# What Ball has the most lume?



## VeryHumerus (Sep 2, 2014)

Hey everyone. I was considering adding a Ball watch since I wanted atleast one in my collection with Tritium tubes in my collection. Any reccomendations for a tool watch or an everyday watch that has lots of lume? I work in anesthesia so often in dark rooms.


----------



## TheBearded (Jan 8, 2020)

T25<T100.
T25 is still bright enough for any application imho.

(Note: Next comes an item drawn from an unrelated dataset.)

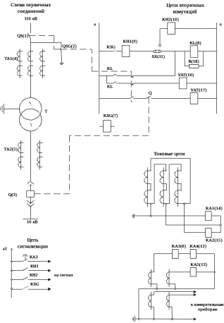 Пользуясь справочником ( [2] стр. 376 – 382 ) принимаем схему защиты на переменном оперативном токе с реле прямого действия для трансформаторов 110/10 кВ. Схема защиты приведена на рис.9.1

Pick the one you like the most, you won't be disappointed.


----------



## Thunder Dump (Jan 25, 2020)

My Fireman Night Train III has 61 full-size lume tubes. I don't think I've seen one with a larger tube count, although the Hydrocarbon Aero GMT has 43 plus a lot of Luminova so that one may have it beat overall, but for pure tritium I think the Night Train III takes it. And green and yellow tubes are the brightest of the colors:


----------



## BundyBear (Mar 3, 2018)

I think @ Thunder Dump is right.

I have an Aero GMT and can't beat that on pure Tritium. But of we are talking pure lume, then it would be the Aero GMT. We have lume on everything.


----------



## timefleas (Oct 10, 2008)

All the Night Trains have lots of Tritium--here are the earlier models, the original, and the DLC II. However, sometimes a large _number _(of tubes) isn't necessarily the easiest to read--for that, you might consider the Aviator (several versions, 44 and 46mm cases, T25 and T100), the last picture below is the Aviator GMT (44mm, T100)--double tubes at each hour, but no minute markers--VERY easy to read in the dark.


----------



## fungo45 (Mar 11, 2011)

I no longer have this one but I think it was called a navigator GMT. 
Don't have a lume shot handy, but my Engineer Master II Diver is very legible on the dark









Sent from my SM-A715F using Tapatalk


----------



## Nokie (Jul 4, 2011)

Easy...."All of them"....


----------



## peterbee (Feb 23, 2018)

66 tubes on the Engineer III King 43mm


----------



## VeryHumerus (Sep 2, 2014)

Any particular models outside the vanguard and the above engineer that have those oversized numerals? I’m kinda liking those.


----------



## BundyBear (Mar 3, 2018)

Dogbert_is_fat said:


> I think @ Thunder Dump is right.
> 
> I have an Aero GMT and can't beat that on pure Tritium. But of we are talking pure lume, then it would be the Aero GMT. We have lume on everything.


Thought I would upload a picture of the watch at night.


----------



## timefleas (Oct 10, 2008)

VeryHumerus said:


> Any particular models outside the vanguard and the above engineer that have those oversized numerals? I'm kinda liking those.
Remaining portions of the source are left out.